On Edmund Burke’s arrival in London, he rapidly acquired the contacts to fulfil his many ambitions. Called to the bar, he made a connection as a Middle Templar with John Hatsell, only four years his junior.

Burke’s com­mand of the English language was well rewarded in an era in which the well-turned phrase mattered a great deal to one’s career.

Burke advocated a role for parties in political society. Burke’s remarks - drawn from his essay Thoughts on the Cause of the Present Discontents (1770) - introduced this theme. ‘Party is a body of men united for promot­ing by their joint endeavours the national interest, upon some particular principle in which they are all agreed’.42 In Burke’s Speech to the Bristol Electors (1774), he denied that a parliamentary constituency could instruct its member of the House of Commons on issues which that member was likely to encounter.

Certainly, gentlemen, it ought to be the happiness and glory of a repre­sentative to live in the strictest union, the closest correspondence, and the most unreserved communication with his constituents. Their wishes ought to have great weight with him; their opinion, high respect; their business, unremitted attention. It is his duty to sacrifice his repose, his pleasures, his satisfactions, to theirs; and above all, ever, and in all cases, to prefer their interest to his own. But his unbiassed opinion, his mature judgment, his enlightened conscience, he ought not to sacrifice to you, to any man, or to any set of men living. These he does not derive from your pleasure; no, nor from the law and the constitution. They are a trust from Providence, for the abuse of which he is deeply answerable. Your representative owes you, not his industry only, but his judgment; and he betrays, instead of serving you, if he sacrifices it to your opinion.43

Constituency instructions, Burke declared, treated a member as if he were a child-agent.

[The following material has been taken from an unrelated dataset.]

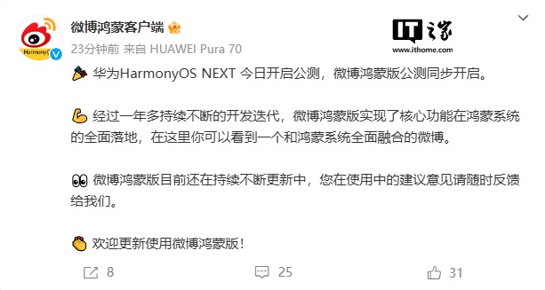 IT之家 10 月 8 日消息,华为 HarmonyOS NEXT 今日开启公测,微博鸿蒙版公测同步开启。

Instructions reduced a legislator to the level of a solicitor, banker or commercial agent. If instructions were in place, voters would be empowered to anticipate their own - and necessarily virtual - role in parlia­mentary law-making. And if voters regarded themselves as licensed to par­ticipate in decision-making without participating in the debate (and taking

‘The eternal rules of justice and reason’ 63 the risks that accompany this participation), their voice, Burke concluded, must be treated as a potentially destabilising threat to political society.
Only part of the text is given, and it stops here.